How Do I Accept A Gift From Someone Less Fortunate Than Me?

juicyflexDear Uncommon Courtesy,

Could you please comment on the etiquette involved in taking gifts from people who can’t afford much in life?  I have occasionally been offered small things from people who have almost nothing including a man who asks for money on the street, to whom I have given money from time to time. One time the gift was a pen that I thought looked pretty hefty and fancy when I took it. though it turned out to be dried up when I tried to use it. Another time, it was a bunch of little single-serve juice cartons, which I think had been given to the man by a store, as they were a bit past their expiration date—but still good. He wanted me to take several, and I did.

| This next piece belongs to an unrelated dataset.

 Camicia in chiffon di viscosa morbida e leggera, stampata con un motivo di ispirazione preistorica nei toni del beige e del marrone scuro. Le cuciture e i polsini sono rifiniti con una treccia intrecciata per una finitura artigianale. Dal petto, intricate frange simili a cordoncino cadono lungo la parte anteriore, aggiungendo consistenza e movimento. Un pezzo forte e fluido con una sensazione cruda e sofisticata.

I feel strange taking anything in a situation like this, but I always accept on the theory that the gift wouldn’t be offered if it was truly unaffordable, and it would be rude and unfriendly to refuse.  Your thoughts?

Thanks,

Kindness From Strangers

OFFICIAL ETIQUETTE

All the standard etiquette mavens emphasize accepting gifts in the spirit in which they are offered and thanking people. I haven’t found much discussion of a situation like this, though in a case of one person being very generous with gifts and favors, Miss Manners suggested to the writer that they try to reciprocate with what they can.

 OUR TAKE

Jaya: This is a really interesting question. I totally see how you’d feel guilty in that situation.

Victoria: Yeah. You don’t want to offend someone. And I’m definitely in the thought of taking things in the spirit of which they are offered.

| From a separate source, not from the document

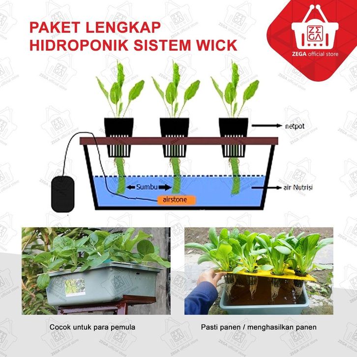 Paket Hidroponik Lengkap sistem wick / Wick System 12 Lubang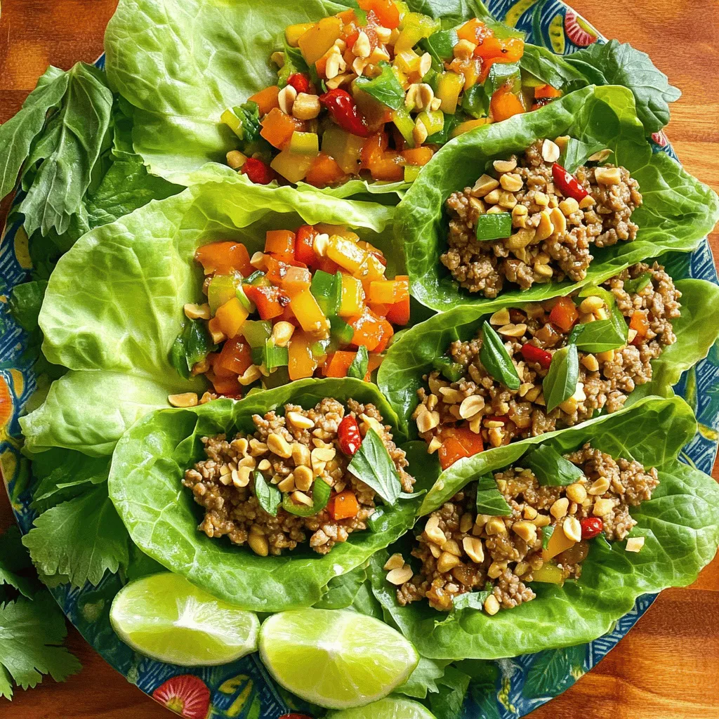 Serve the wraps on a large, colorful platter. Place the turkey mix in the center with lettuce leaves around it. This way, guests can create their own wraps. For garnishing, sprinkle chopped peanuts on top. You can also add lime wedges for a fresh touch. These small details make your dish look even better.

Jaya: How often is this happening to this person!?

Victoria: This does not happen to me.

Jaya: It’s sort of the flip side of “a gift is a gift.” Do not expect that someone put themselves in a bad situation to give this to you!

Victoria: And these gifts are not that elaborate.

Jaya: So this makes me think of this quote that I see on Pinterest all the time (I can’t believe I’m gonna quote pinterest): “When a child gives you a gift, even if it is just a rock they just picked up, show gratitude. It might be the only thing they have to give, and they have chosen to give it to you.” It’s really weird, but it sort of applies?

Victoria: It totally applies. And some people are just givers.

Jaya: I think the best course for this particular guy is maybe just keep giving him change as normal.

Victoria: Yep, especially since they’re more like found objects. There’s this one guy near my subway stop who sells a whole spread of pretty nice stuff he finds.

Jaya: That’s awesome.

Victoria: Yeah, so these gifts are probably not costing him anything. Though I think if you have very close friends who are doing this gift giving and you know they are super poor, you can bring it up and suggest that they don’t need to be doing it. Or say that you feel badly that you can’t reciprocate. But still, you don’t necessarily know their circumstances; a lot of people get free stuff through work that they like to give out.

Jaya: Totally. No one should ever feel pressured to give a gift, but if they do, assume that they had the means and kindness in their heart to do it.

Victoria: And say thank you, wholeheartedly.